Write out exactly the lines below starting at the one containing "Стереолитография (StereoLithography или" and ending at the one containing "Gold Climbing Hot Pink Rose Drop Earrings". Omit every picture.

-- DATA PROVIDED --
---------------

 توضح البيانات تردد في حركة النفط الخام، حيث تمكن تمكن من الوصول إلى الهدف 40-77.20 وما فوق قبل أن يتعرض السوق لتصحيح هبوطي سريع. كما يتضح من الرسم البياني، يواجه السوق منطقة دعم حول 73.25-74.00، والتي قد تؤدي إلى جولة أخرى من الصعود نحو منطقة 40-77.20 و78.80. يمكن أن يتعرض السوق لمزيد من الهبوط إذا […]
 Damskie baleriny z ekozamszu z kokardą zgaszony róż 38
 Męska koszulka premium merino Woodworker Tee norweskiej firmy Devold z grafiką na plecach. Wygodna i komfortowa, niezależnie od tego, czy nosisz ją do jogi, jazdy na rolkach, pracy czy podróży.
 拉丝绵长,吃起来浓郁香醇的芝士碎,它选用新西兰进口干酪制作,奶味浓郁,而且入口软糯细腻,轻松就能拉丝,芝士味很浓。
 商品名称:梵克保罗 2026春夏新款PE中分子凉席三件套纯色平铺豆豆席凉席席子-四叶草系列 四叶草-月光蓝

---------------

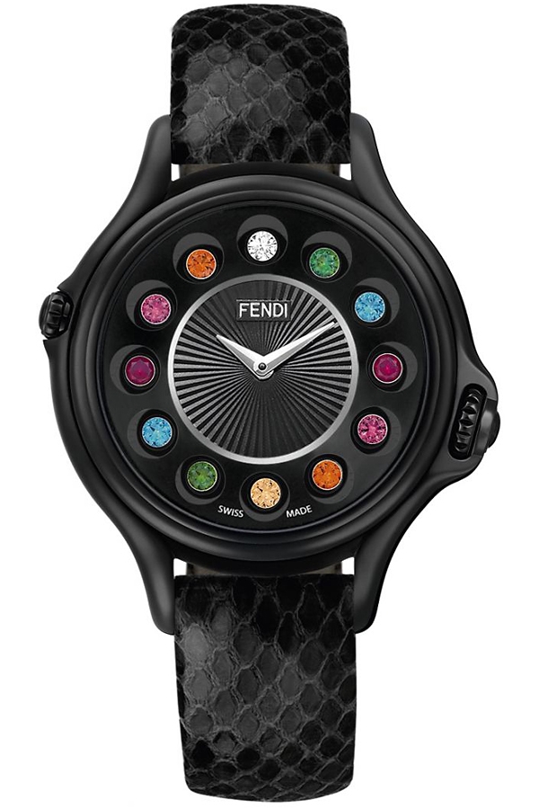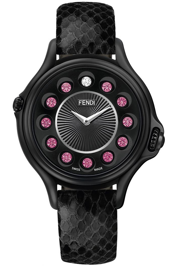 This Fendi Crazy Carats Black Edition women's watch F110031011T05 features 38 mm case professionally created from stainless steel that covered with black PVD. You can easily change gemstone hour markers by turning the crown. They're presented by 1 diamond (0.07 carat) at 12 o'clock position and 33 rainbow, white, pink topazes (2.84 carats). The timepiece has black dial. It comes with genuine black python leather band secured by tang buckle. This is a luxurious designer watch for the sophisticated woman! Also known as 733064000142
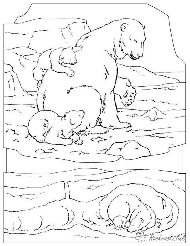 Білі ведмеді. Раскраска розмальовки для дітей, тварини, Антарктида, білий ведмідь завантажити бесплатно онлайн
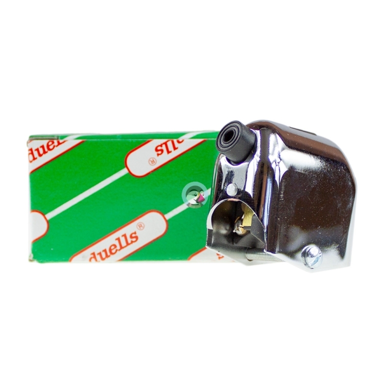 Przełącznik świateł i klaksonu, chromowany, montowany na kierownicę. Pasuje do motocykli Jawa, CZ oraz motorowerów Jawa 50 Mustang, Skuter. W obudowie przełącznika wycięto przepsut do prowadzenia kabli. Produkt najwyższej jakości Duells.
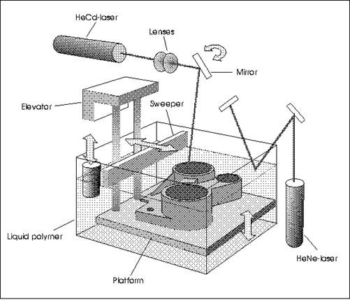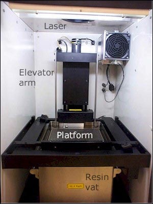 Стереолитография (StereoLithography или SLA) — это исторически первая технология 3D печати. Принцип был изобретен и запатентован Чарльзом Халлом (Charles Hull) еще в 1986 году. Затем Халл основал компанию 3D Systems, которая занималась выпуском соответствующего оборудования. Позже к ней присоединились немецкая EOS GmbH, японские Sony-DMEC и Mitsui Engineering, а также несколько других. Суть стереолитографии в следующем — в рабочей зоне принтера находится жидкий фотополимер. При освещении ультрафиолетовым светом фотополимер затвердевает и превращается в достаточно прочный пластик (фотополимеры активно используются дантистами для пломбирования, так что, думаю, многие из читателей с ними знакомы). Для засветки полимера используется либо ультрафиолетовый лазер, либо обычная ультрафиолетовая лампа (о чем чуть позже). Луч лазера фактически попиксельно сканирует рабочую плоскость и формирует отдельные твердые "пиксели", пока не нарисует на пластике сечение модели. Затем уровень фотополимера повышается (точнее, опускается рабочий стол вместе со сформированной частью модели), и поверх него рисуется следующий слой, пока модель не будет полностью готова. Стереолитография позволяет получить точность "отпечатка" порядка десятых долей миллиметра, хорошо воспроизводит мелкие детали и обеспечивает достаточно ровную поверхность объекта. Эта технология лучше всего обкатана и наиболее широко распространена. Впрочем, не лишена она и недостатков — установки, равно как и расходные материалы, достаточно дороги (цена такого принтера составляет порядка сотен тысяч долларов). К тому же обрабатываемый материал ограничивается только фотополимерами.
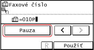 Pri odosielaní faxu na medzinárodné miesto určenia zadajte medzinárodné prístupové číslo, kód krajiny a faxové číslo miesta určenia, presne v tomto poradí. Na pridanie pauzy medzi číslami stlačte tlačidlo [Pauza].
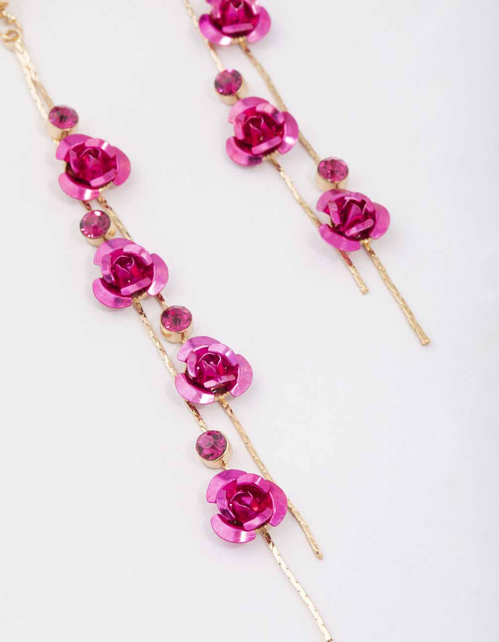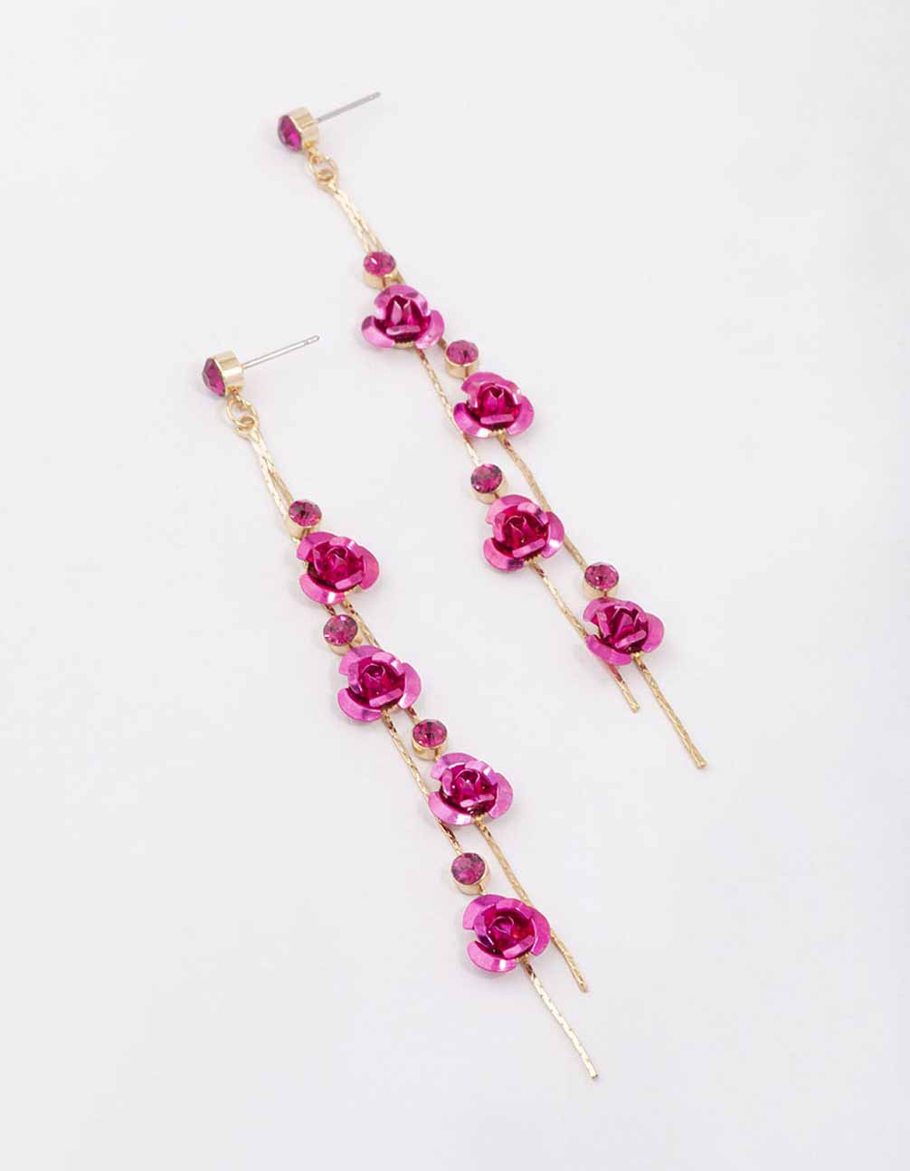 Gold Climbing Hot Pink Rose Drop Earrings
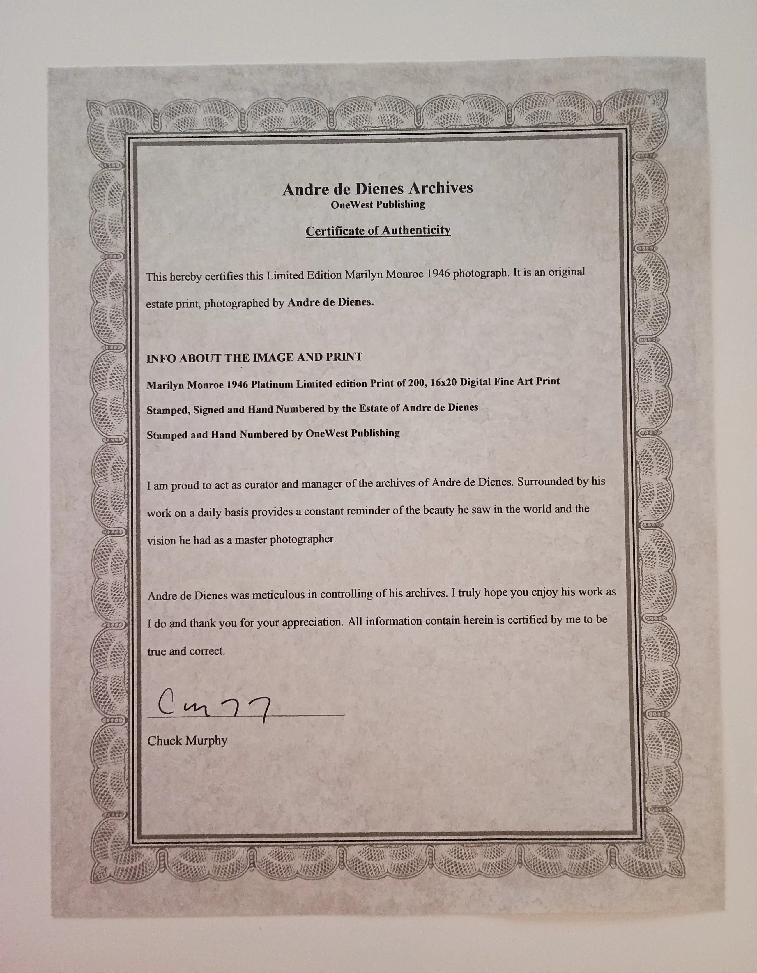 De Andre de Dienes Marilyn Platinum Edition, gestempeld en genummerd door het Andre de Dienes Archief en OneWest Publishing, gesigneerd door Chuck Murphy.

---------------

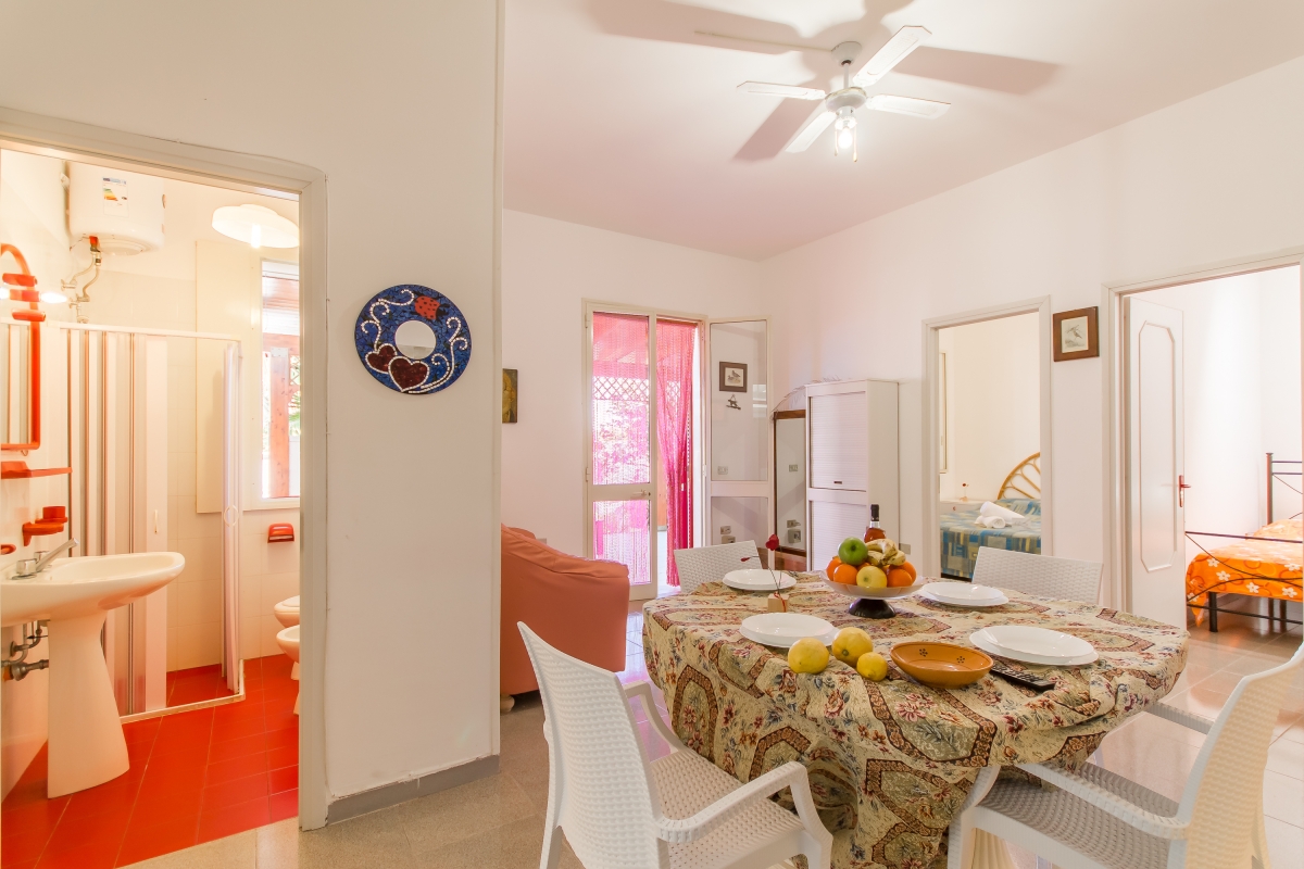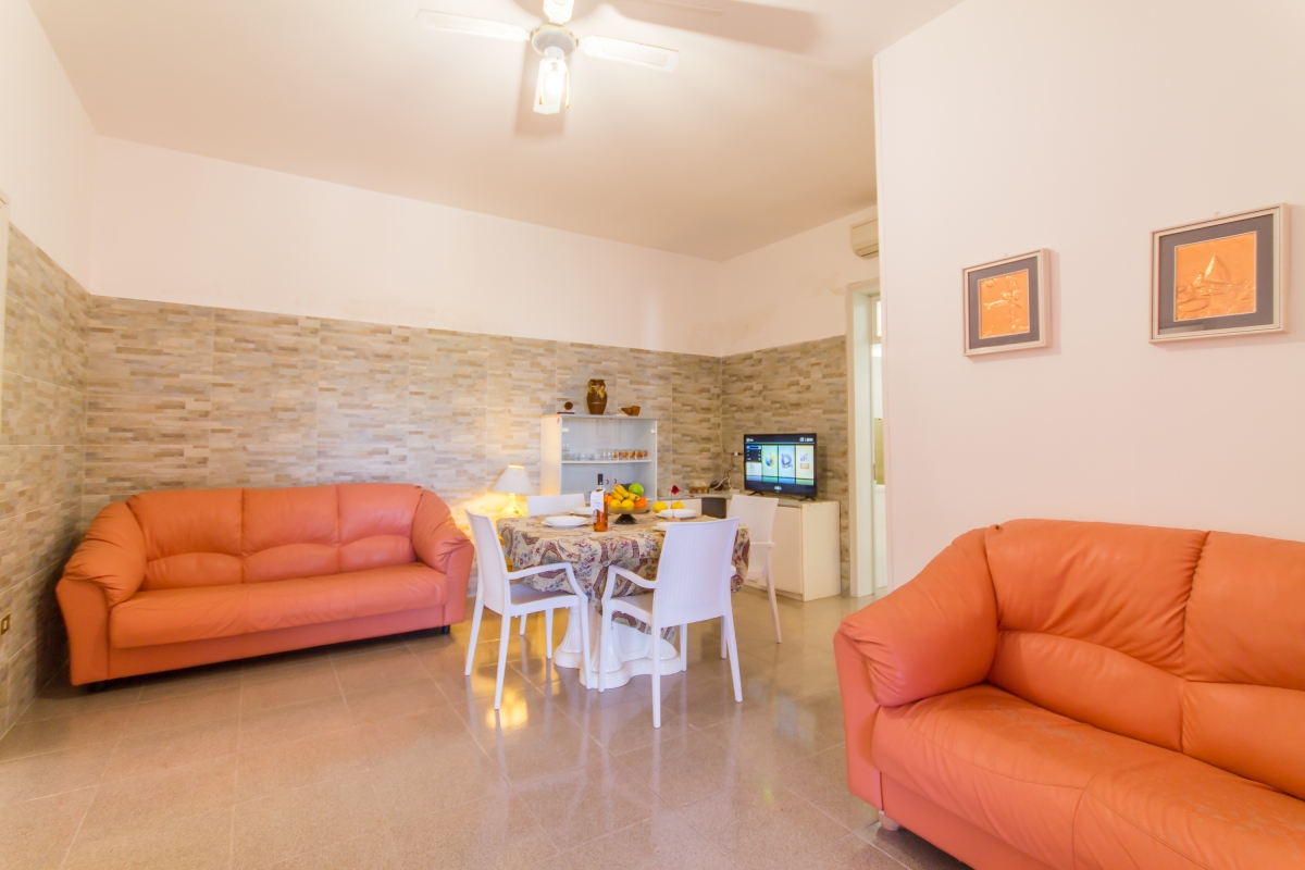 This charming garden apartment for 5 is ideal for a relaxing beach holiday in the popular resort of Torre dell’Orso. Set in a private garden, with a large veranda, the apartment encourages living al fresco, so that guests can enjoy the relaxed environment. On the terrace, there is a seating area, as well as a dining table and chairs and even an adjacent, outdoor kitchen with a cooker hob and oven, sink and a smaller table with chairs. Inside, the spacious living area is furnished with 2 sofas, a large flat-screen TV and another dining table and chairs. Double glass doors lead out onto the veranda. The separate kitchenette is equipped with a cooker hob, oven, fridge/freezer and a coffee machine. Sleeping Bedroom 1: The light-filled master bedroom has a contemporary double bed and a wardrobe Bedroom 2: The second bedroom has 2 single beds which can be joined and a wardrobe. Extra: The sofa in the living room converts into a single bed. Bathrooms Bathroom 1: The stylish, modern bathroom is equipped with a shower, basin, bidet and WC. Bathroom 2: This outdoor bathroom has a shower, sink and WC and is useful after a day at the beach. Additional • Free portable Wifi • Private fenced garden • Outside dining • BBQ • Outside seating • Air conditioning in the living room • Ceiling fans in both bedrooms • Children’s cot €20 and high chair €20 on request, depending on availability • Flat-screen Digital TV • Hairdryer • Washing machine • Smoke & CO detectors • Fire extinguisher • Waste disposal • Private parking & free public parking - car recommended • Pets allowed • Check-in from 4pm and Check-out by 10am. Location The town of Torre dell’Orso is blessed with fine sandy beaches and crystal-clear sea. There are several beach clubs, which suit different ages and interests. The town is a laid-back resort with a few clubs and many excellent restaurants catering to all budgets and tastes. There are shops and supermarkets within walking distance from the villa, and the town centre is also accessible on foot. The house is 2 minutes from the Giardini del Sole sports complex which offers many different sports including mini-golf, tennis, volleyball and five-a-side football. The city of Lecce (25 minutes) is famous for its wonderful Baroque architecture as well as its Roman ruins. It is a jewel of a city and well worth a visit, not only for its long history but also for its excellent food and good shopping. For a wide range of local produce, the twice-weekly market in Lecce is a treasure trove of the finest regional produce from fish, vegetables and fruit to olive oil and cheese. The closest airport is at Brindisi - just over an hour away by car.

---------------

-- WRITTEN REPLY --
 Стереолитография (StereoLithography или SLA) — это исторически первая технология 3D печати. Принцип был изобретен и запатентован Чарльзом Халлом (Charles Hull) еще в 1986 году. Затем Халл основал компанию 3D Systems, которая занималась выпуском соответствующего оборудования. Позже к ней присоединились немецкая EOS GmbH, японские Sony-DMEC и Mitsui Engineering, а также несколько других. Суть стереолитографии в следующем — в рабочей зоне принтера находится жидкий фотополимер. При освещении ультрафиолетовым светом фотополимер затвердевает и превращается в достаточно прочный пластик (фотополимеры активно используются дантистами для пломбирования, так что, думаю, многие из читателей с ними знакомы). Для засветки полимера используется либо ультрафиолетовый лазер, либо обычная ультрафиолетовая лампа (о чем чуть позже). Луч лазера фактически попиксельно сканирует рабочую плоскость и формирует отдельные твердые "пиксели", пока не нарисует на пластике сечение модели. Затем уровень фотополимера повышается (точнее, опускается рабочий стол вместе со сформированной частью модели), и поверх него рисуется следующий слой, пока модель не будет полностью готова. Стереолитография позволяет получить точность "отпечатка" порядка десятых долей миллиметра, хорошо воспроизводит мелкие детали и обеспечивает достаточно ровную поверхность объекта. Эта технология лучше всего обкатана и наиболее широко распространена. Впрочем, не лишена она и недостатков — установки, равно как и расходные материалы, достаточно дороги (цена такого принтера составляет порядка сотен тысяч долларов). К тому же обрабатываемый материал ограничивается только фотополимерами.
 Pri odosielaní faxu na medzinárodné miesto určenia zadajte medzinárodné prístupové číslo, kód krajiny a faxové číslo miesta určenia, presne v tomto poradí. Na pridanie pauzy medzi číslami stlačte tlačidlo [Pauza].
 Gold Climbing Hot Pink Rose Drop Earrings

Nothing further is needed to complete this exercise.